Wakefield has existed as a seat since South Australia was first divided into electorates in 1903, but was changed almost beyond recognition when the state’s representation was cut from 12 seats to 11 in 2004. It now covers the outer northern Adelaide industrial centre of Elizabeth (formerly the basis of abolished Bonython), the satellite town of Gawler, the Clare Valley wine-growing district and a stretch of Gulf St Vincent coast from Two Wells north to Port Wakefield. Elizabeth marks the first incursion into Adelaide of a seat that traditionally covered the Murray Valley and the Yorke Peninsula, which were respectively transferred to Barker and Grey. My 2004 booth result maps for Crikey paint a clear picture of support for Labor in Elizabeth and Liberal in Clare and the rural areas, along with a less pronounced leaning to the Liberals in Gawler.

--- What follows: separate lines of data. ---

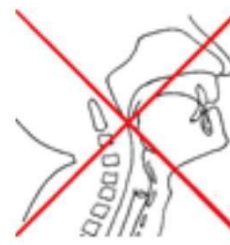
à ne pas faire tête en extension

Remarque : si le positionnement est difficile à maintenir, placer un coussin derrière la nuque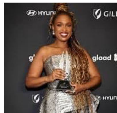
خلّت جينيفر هيدسون بصراحة كاملة بشأن اللحظة التي اكتشفت فيها وجود إخوتها وأخواتها الـ 26 خلال ظهورها

في حلقة من برنامج مطبخ ماما الخاص بك تذكرت نجمة فتيات الاحلام أنها علمت عن أطفال والدها الراحل صموئيل سيميسون العديدين عندما كان مراهقاً. وقالت: «هناك الكثير منا يبدو أن والدي كان لديه 27 طفلاً». وأضافت هيدسون (٤٢ عاماً): «هذا عدد كبير من الأطفال. لم أقابلهم جميعاً مطلقاً، ولكن هذا هو الأمر. أنا فرد من العائلة، ولذلك عندما بلغت السادسة عشرة من عمري، قلت، أريد أن أذهب للبحث عن والدي، وأريد أن أقابل جميع إخوتي وتابعت: «لقد كان حلمي أن ألتحق جميعاً على طاولة عيد الشكر أو عيد الميلاد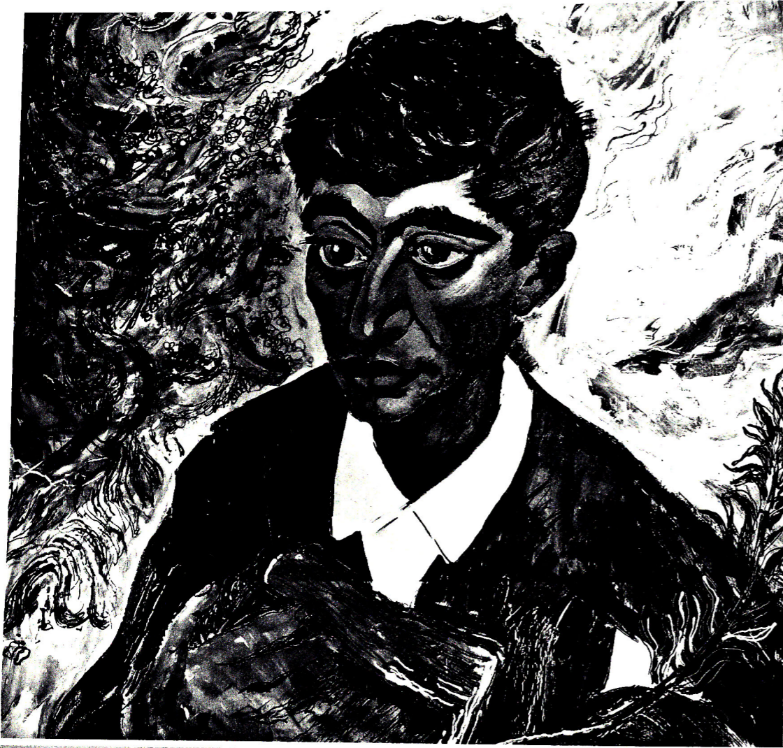
Portretin müəllifi Xalq rəssamı Toğrul Nərimanbəyovdur.

ayırdı: “Ay Fikrət, niyə bikişsən? Sən axı şeirlərinde də hamıya məsləhət verirsən ki, nə qədər fikirli, qəmli olsan da, hər kəslə gülər üzle danışmalısən. Niyə son vaxtlar belə qaşqabaqlısən? Mən buna alışmamışam...”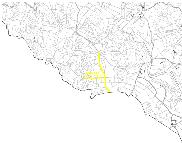
Camino de Los Raimundos a Los Gallardos

Labor’s overwhelming dominance in low-income Elizabeth gave the redrawn electorate a notional Labor margin of 1.5 per cent, compared with a 14.7 per cent Liberal margin from the 2001 election. Wakefield had only previously been won by Labor in 1938 and 1943, and by the Country Party in 1928. It was otherwise held by the prevailing conservative party of the time: the early Liberal Party, the Nationalists, the United Australia Party and the modern Liberal Party. Neil Andrew became member in 1983, serving as Speaker from 1998 until his seat was effectively pulled from under him in 2004. After considering the obvious option of challenging Patrick Secker for preselection in Barker, Andrew instead chose to retire. Labor’s candidate in 2004 was the homeless member for abolished Bonython, Martyn Evans. Evans began his parliamentary career as an independent, winning the state seat of Elizabeth at a 1984 by-election after contentiously failing to win Labor preselection. He rejoined the party in 1993 to serve as Health Minister in Lynn Arnold’s minority government, and replaced the retiring Neal Blewett as member for Bonython at a by-election in 1994.
The job security entailed in this offer was shown to be deceptive by the 2004 redistribution and the following 2.2 per cent swing to the Liberals. This was driven by a Labor slump in Elizabeth which outweighed small positive swings in more affluent rural areas, delivering a narrow 1010-vote victory to hand-picked Liberal candidate David Fawcett (left). Fawcett had previously been an army officer for more than 22 years, most recently serving as commanding officer at the RAAF’s research and development unit. In February 2006, The Australian’s Matt Price wrote a profile on Fawcett which is not holding up too well 18 months on: it speaks of the likely re-election of a highly credentialled member who had persuaded locals to preselect him three months after he joined the party on a whim. This was compared favourably with Labor’s nasty, narrow, cloistered, limiting, repulsive, infested, depressing and ultimately suffocating union gene pool, then believed to be condemning it to certain defeat. More recently, the Sunday Mail’s Rex Jory wrote on August 19 of talk in Liberal circles that Fawcett might be enlisted as a future state party leader after his likely defeat in Wakefield. It was suggested he might attempt to recover the Gawler-based seat of Light, lost to Labor’s Tony Piccolo last year, or succeed Ivan Venning in the safe seat of Schubert in the Barossa Valley.
Labor’s candidate is former state party president Nick Champion (right), a one-time employee of the Shop Distributive and Allied Employees Association and a protégé of its powerful state boss Don Farrell (who will head Labor’s South Australian Senate ticket). Champion’s preselection does not appear to have faced any serious opposition. He has recently been preparing for his presumed future career with a position as adviser to the state Industrial Relations Minister, Right faction colleague Michael Wright.